Task to complete: Stop after the line that contains "2020년 선배시민 자원봉사단 ‘선암날파람택견클럽’ 참여자 모집 페이지". Until then, retype each line of the entries exactly from the first one, skipping pictures.

Records supplied:
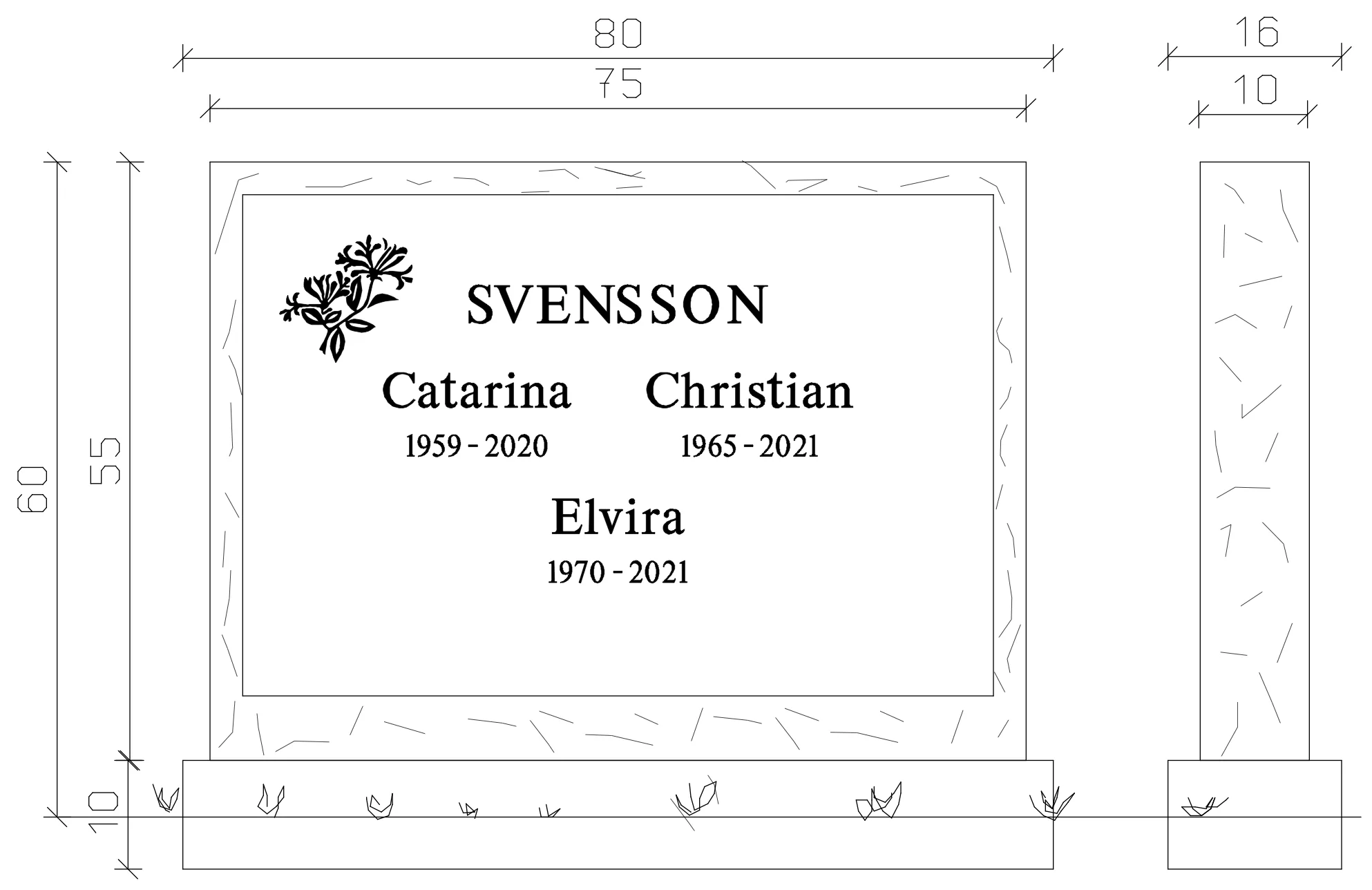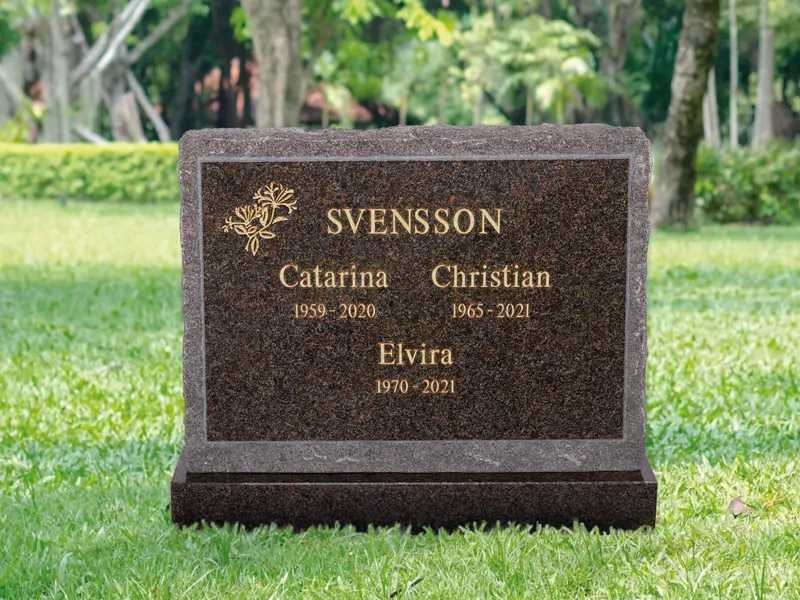 Gravsten modell EN109 har en harmonisk och stilren form som förmedlar värdighet och omtanke. Den är utformad för att skapa ett personligt och bestående minnesmärke som passar i olika typer av minnesplatser. Designen ger ett tidlöst uttryck som hedrar minnet av en älskad person på ett respektfullt sätt.
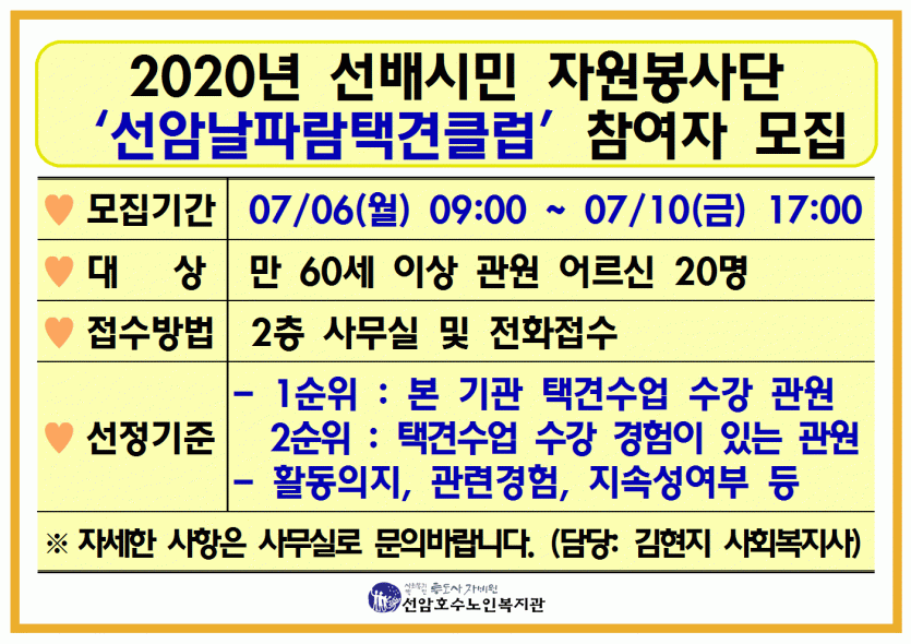 2020년 선배시민 자원봉사단 ‘선암날파람택견클럽’ 참여자 모집 페이지 정보 작성자 관리자 댓글 0건 조회Hit 680회 작성일Date 20-07-06 09:42 본문 2020년 선배시민 자원봉사단 ‘선암날파람택견클럽’ 참여자 모집 목록 댓글목록 댓글목록 등록된 댓글이 없습니다.
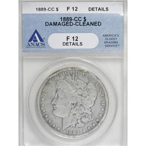 <B>1889-CC $1 --Cleaned, Damaged--ANACS Fine 12 Details.</B></I> NGC Census: (104/1967). PCGS Population (162/2775). Mintage: 350,000. Numismedia Wsl. Price for NGC/PCGS coin in F12: $775. (#7190)<BR><BR><B>Coin Engraver:</B> George T. Morgan<BR><BR><b>Shipping:</b> Coins & Currency (<a target="_blank" href="http://www.heritageauctions.com/common/shipping.php">view shipping information</a>)
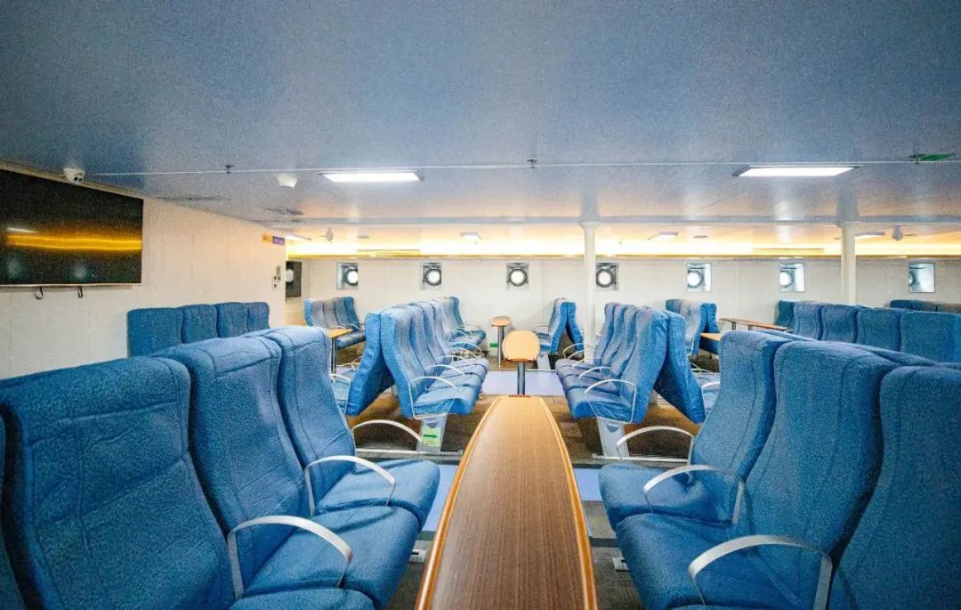 据悉,“嵊翔15号”轮是嵊泗县目前为止载客量最大的常规客轮。与以往客轮不同的是,该船共分为四层,载客定额814客位,客舱座位间距及走道格外宽敞,乘坐空间更舒适。
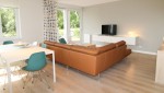 Der Wohnbereich ist besonders geschmackvoll eingerichtet, die Sitzecke verfügt über ein bequemes Ecksofa und ein TV-Gerät mit digitalem Senderpaket. Der Essbereich hat einen Esstisch mit 6 Stühlen und schließt sich an die luxuriöse offene Küche an, die mit allen Annehmlichkeiten ausgestattet ist. Neben einem Induktionsherd steht dort auch eine Kombi-Mikrowelle, ein Kühlschrank mit Eisfach, eine Nespresso-Maschine sowie eine Geschirrspülmaschine zu Ihrer Verfügung.
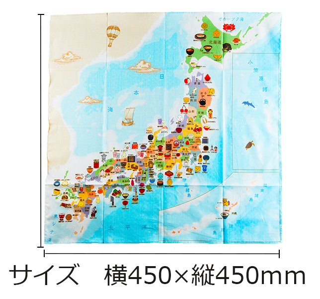大人気の「にほんちず」シリーズから、ハンカチが出来ました!大判で色々な用途に使えるハンカチです。
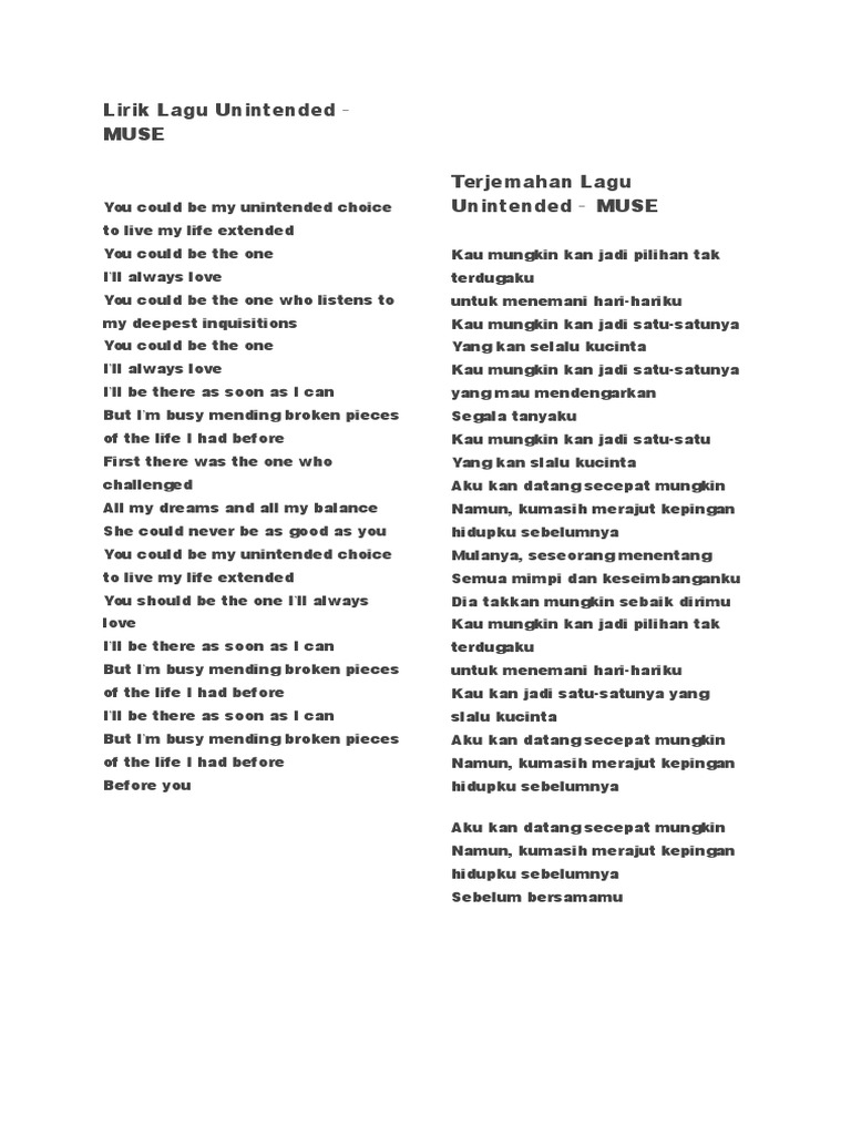 . Verse 1 You could be my unintended choice To live my life extended You could be the one Ill always love You could be the one who listens To my deepest inquisitions You could be the one Ill always love Chorus Ill be there as soon as I can But Im busy mending broken Pieces of the life I had before Verse 2. Lirik Lagu MUSE Unintended Lyrics. Muse - Unintended Lirik dan Terjemahan IndonesiaJangan lupa Like Comment dan Subscribe yaa.
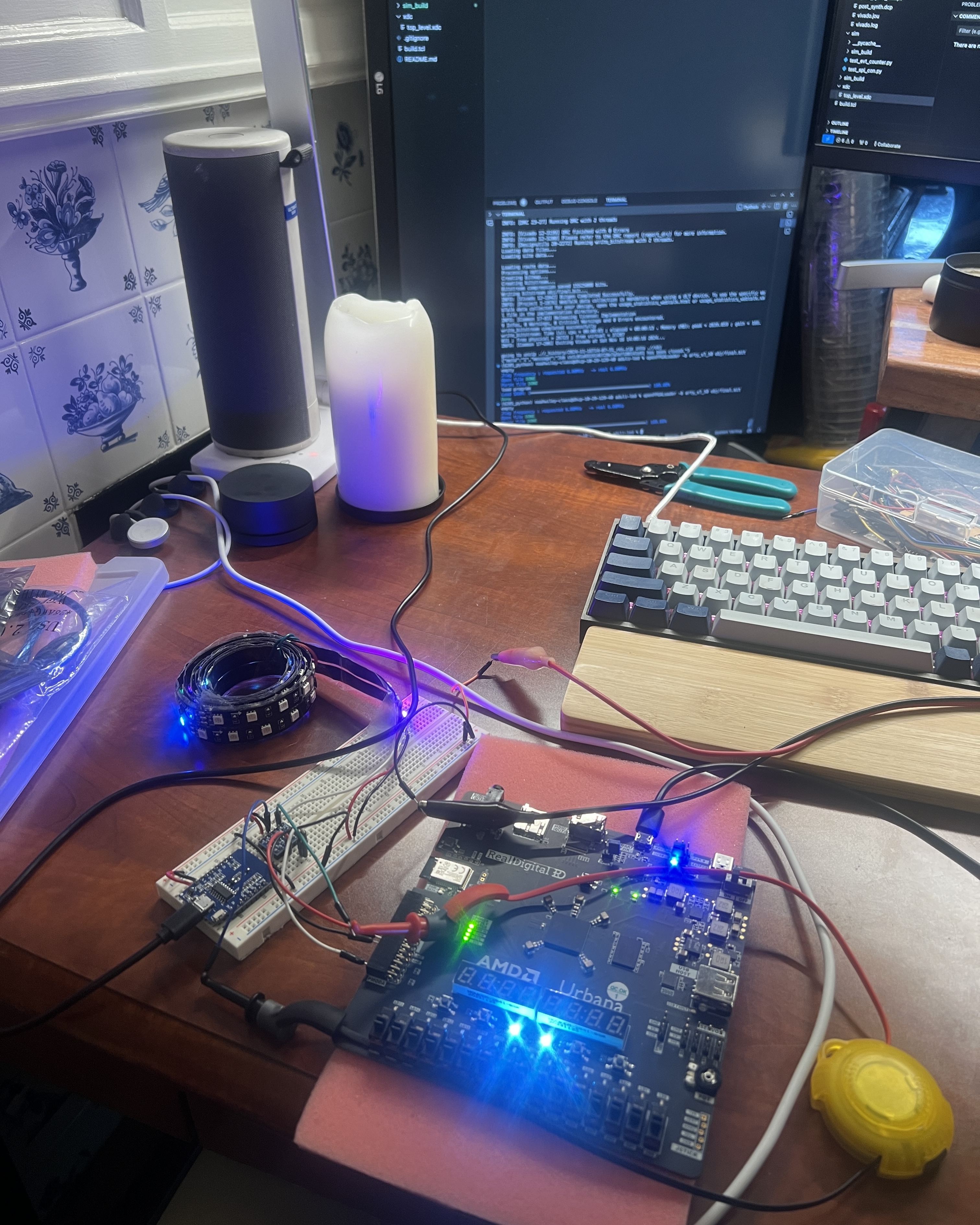Auto-calibrating Display using Unconstrained Layouts of Individually-addressable LEDs built entirely in Spartan7 FPGA with SystemVerilog. Integrating camera, HDMI, and WS2812b LEDs sporting a custom log(n) calibration algorithm. Awarded MIT 2025 Northern Telecom/BNR Project Award.

Exercise result:
 Gravsten modell EN109 har en harmonisk och stilren form som förmedlar värdighet och omtanke. Den är utformad för att skapa ett personligt och bestående minnesmärke som passar i olika typer av minnesplatser. Designen ger ett tidlöst uttryck som hedrar minnet av en älskad person på ett respektfullt sätt.
 2020년 선배시민 자원봉사단 ‘선암날파람택견클럽’ 참여자 모집 페이지 정보 작성자 관리자 댓글 0건 조회Hit 680회 작성일Date 20-07-06 09:42 본문 2020년 선배시민 자원봉사단 ‘선암날파람택견클럽’ 참여자 모집 목록 댓글목록 댓글목록 등록된 댓글이 없습니다.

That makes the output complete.